The Giaour proved to be very popular with twelve editions published in the first year. By 1815, 14 editions had been published when it was included in his first collected edition. Its runaway success led Byron to publish three more "Turkish tales" in the next couple of years: The Bride of Abydos in 1813, The Corsair in 1814, and Lara. Each of these poems proved to be very popular, with "The Corsair" selling 10,000 copies in its first day of publication. These tales led to the public perception of the Byronic hero.

Byron commented ironically on the success of these works in his 1818 poem Beppo:

Oh that I had the art of easy writing
    What should be easy reading! could I scale
Parnassus, where the Muses sit inditing
    Those pretty poems never known to fail,
How quickly would I print (the world delighting)
    A Grecian, Syrian, or Assyrian tale;
And sell you, mix'd with western sentimentalism,
Some samples of the finest Orientalism.

— Stanza LI

French painter Eugène Delacroix used the story as the inspiration for three paintings, all titled The Combat of the Giaour and Hassan. So did Ary Scheffer, who painted Giaour, today housed at the Musée de la Vie romantique, Paris.

==Influence==

The poem was an influence on the early work of Edgar Allan Poe. His first major poem, "Tamerlane", published in 1827, particularly emulates both the manner and style of The Giaour.
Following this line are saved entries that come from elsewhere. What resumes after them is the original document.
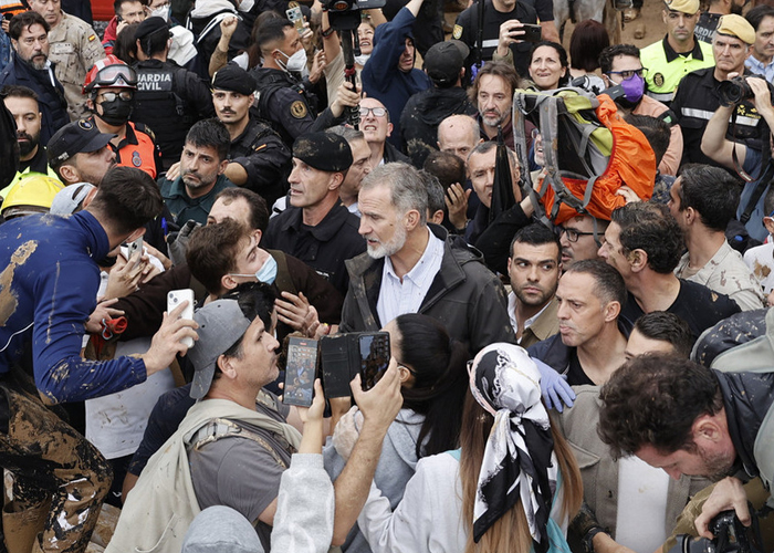 Los gritos de «¿Dónde está Pedro Sánchez?» y «Pedro Sánchez, hijo de puta» resonaban entre la multitud. El rey de España intentó calmar los ánimos dialogando con algunos jóvenes, pero fue en vano. Ante el aumento de la violencia, un cordón de agentes, algunos montados a caballo, protegió al monarca, quien finalmente recibió escolta hacia su vehículo. Las autoridades decidieron suspender la visita, al igual que toda la agenda prevista en Valencia para ese día.
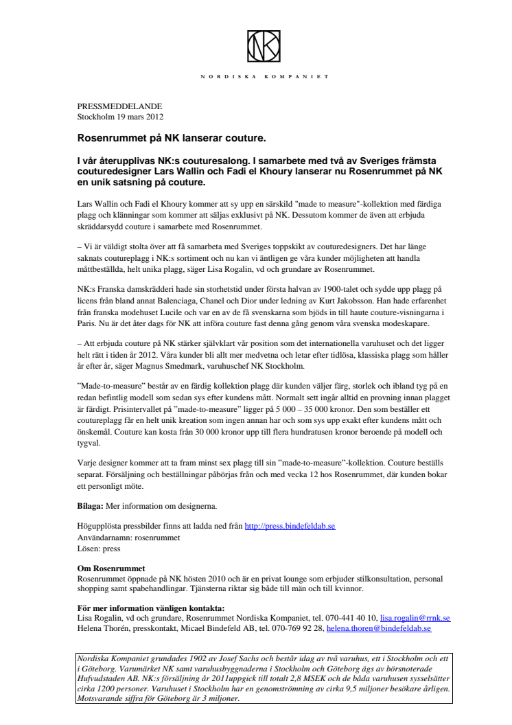 I vår återupplivas NK:s couturesalong. I samarbete med två av Sveriges främsta couturedesigner Lars Wallin och Fadi el Khoury lanserar nu Rosenrummet på NK en unik satsning på couture.
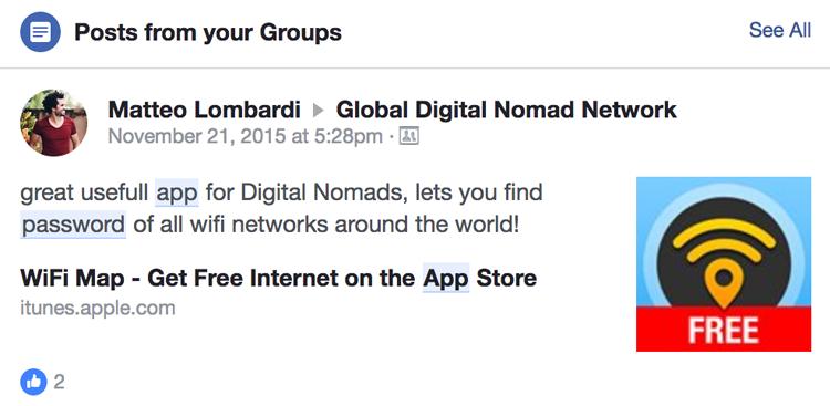 同时,加入相关的 Facebook 群组还可帮您向特定受众推广您的应用,如下图WiFi Map 案例所示。
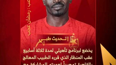 في تطورات جديدة كشفت اللجنة الطبية بنادي المريخ ان رمضان عجب سيخضع لبرنامج تأهيل لثلاث اسابيع ..…
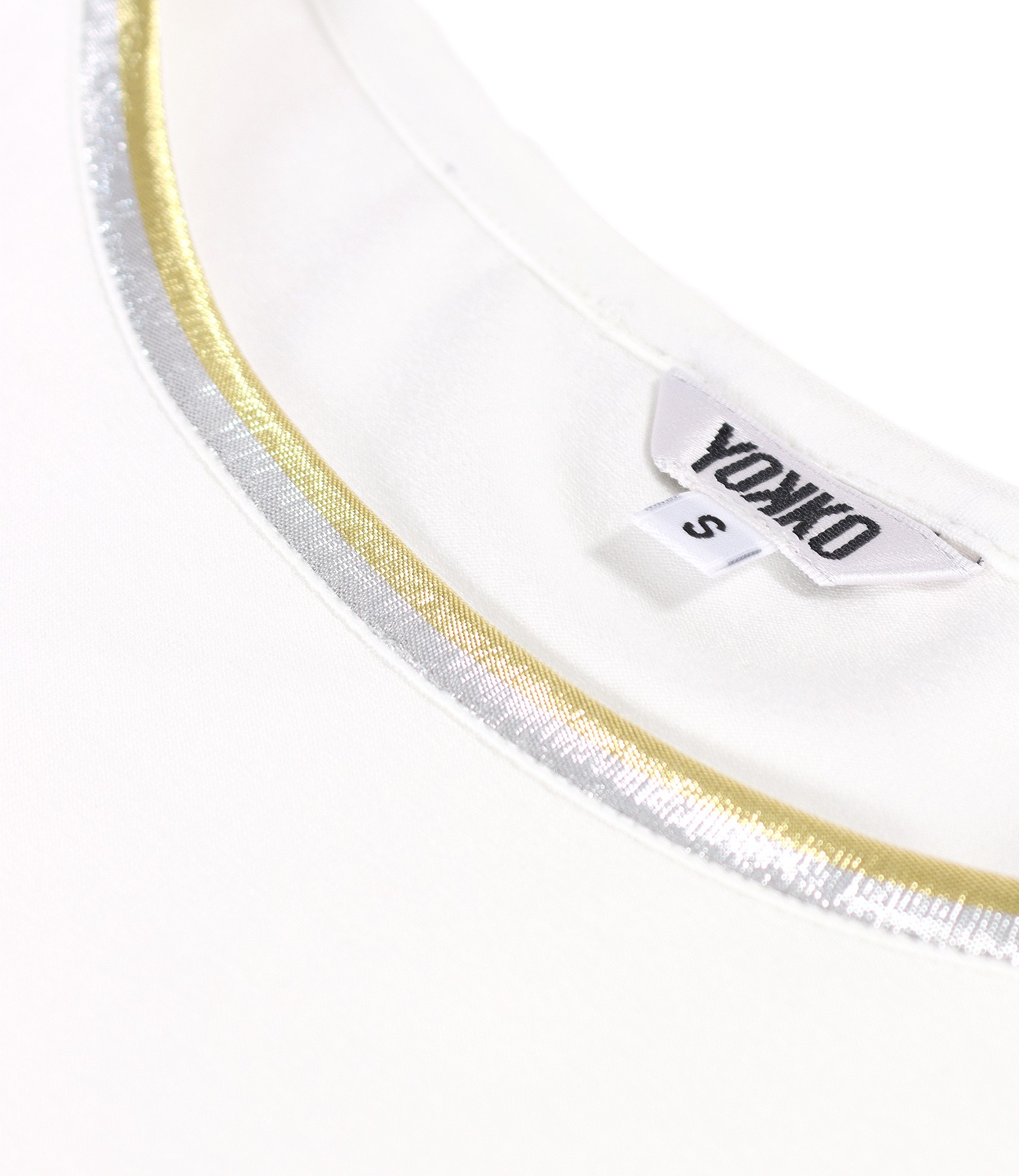 Bluza eleganta din jerse elastic fin, cu maneci scurte si decolteu rotund cu garnitura din elastic auriu.

Polish poet Adam Mickiewicz translated the work into Polish in 1833. Mickiewicz wrote in November 1822: "I think I shall translate The Giaour."

===Vampirism theme===
The Giaour is also notable for its inclusion of the theme of vampires and vampirism, it being one of the first written mentions of such topics (preceded by John Stagg's The Vampyre in 1810). After telling how the giaour killed Hassan, the Ottoman narrator predicts that in punishment for his crime, the giaour will be condemned to become a vampire after his death and kill his own family by sucking their blood, to his own frightful torment as well as theirs. Byron became acquainted with the concept of vampires while on his Grand Tour.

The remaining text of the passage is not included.